When one speaks of the structure of a literary work one does so from a certain vantage point: one starts with notions of the meaning of effects of a poem and tries to identify the structures responsible for those effects. Possible configurations or patterns that makes not contribution are rejected as irrelevant. That is to say an intuitive understanding of the poem functions as the “centre” …is it both a starting point and a limiting principle. For this reasons, Derrida and his poststructuralist followers reject the very notion of “linguistic competence” introduced by Noam Chomsky, a structural linguist.
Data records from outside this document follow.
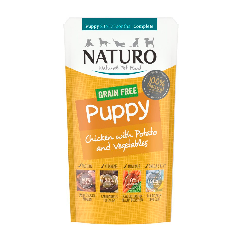 • Naturo Mini Pollo, Papa y Vegetales – Libre de Granos para perro cachorro (2 meses – 1 año) 150GR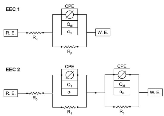 Equivalent electric circuits used to fit the EIS data.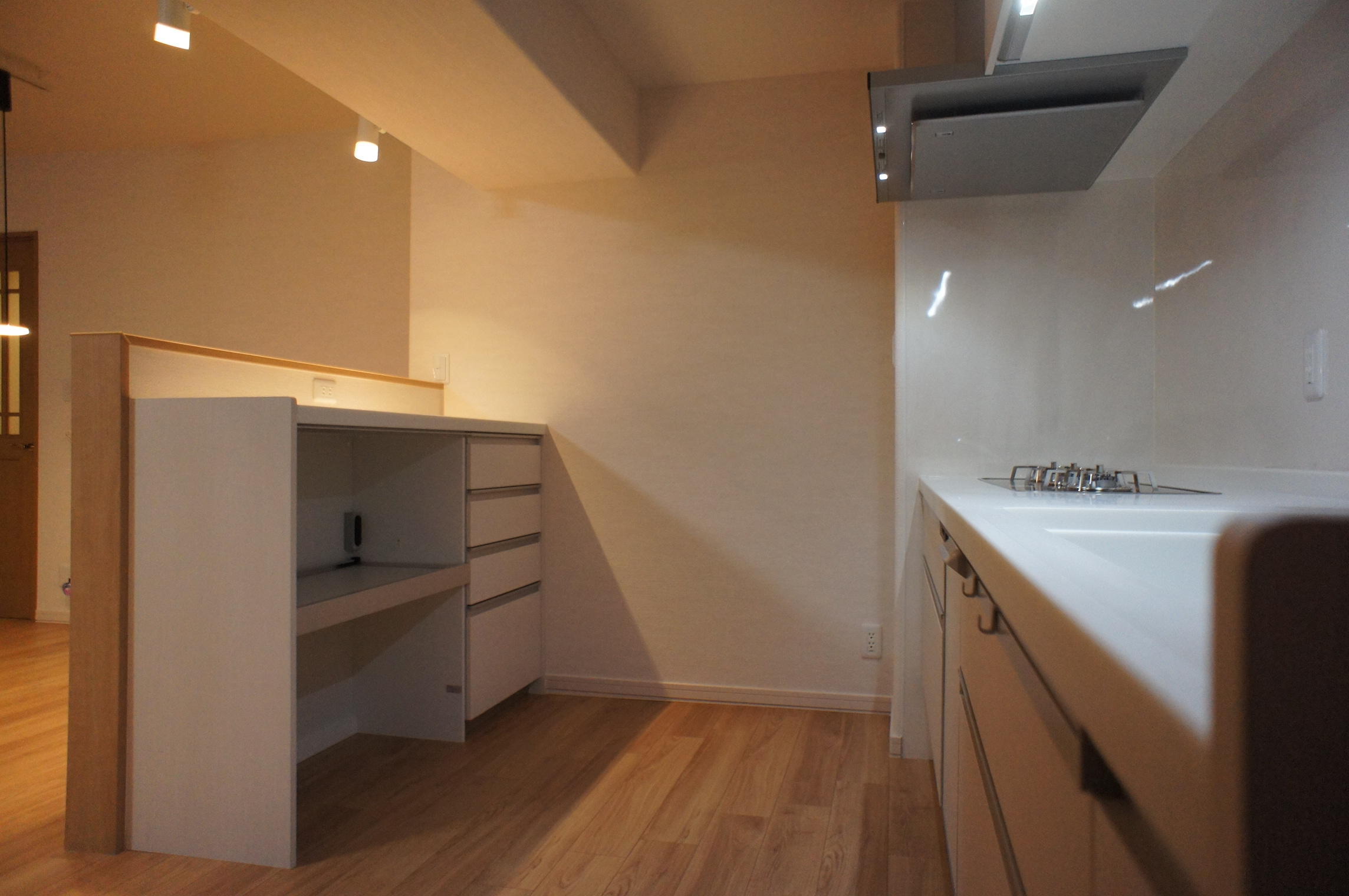 キッチンと並列に配置し、キッチン家電はほぼここに納まります。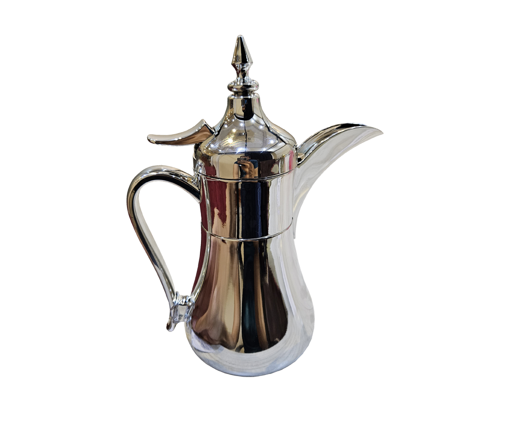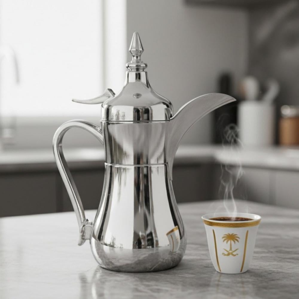 - دلة قهوه عربيه تم صنعها من مواد عالية الجودة, مما يضمن المتانة والكفاءة العالية, كما ان الطلاء الفضي يضيف لمسة من الفخامة والأناقة.

The idea that there is a competent reading “gives a privileged status to a particular set of rules of reading,…granting preeminence to certain conventions and excluding from the realm of language all the truly creative and productive violations of those rules”(Culler, Structuralist Poetics 241)
Poststructuralist calls into question assumptions made about literature by formalist, as well as by structuralist, critics. Formalist or the New Criticism as it was once commonly called
Assumes a work of literature to be a freestanding, self-contained it's meaning found in the complex network of relations that constitute it's part (images, sounds, rhythms, allusions, and so on). To be sure, deconstruction is somewhat like formalism in several ways. Both the formalist and the deconstructor focus on the literary text; neither is likely to interpret a poem or a novel by relating it to events in the author's life, letters, historical period, or even culture. And formalists, long before deconstructors, discovered counterpatterns of meaning in the same text. Formalists find contradiction and undecidability.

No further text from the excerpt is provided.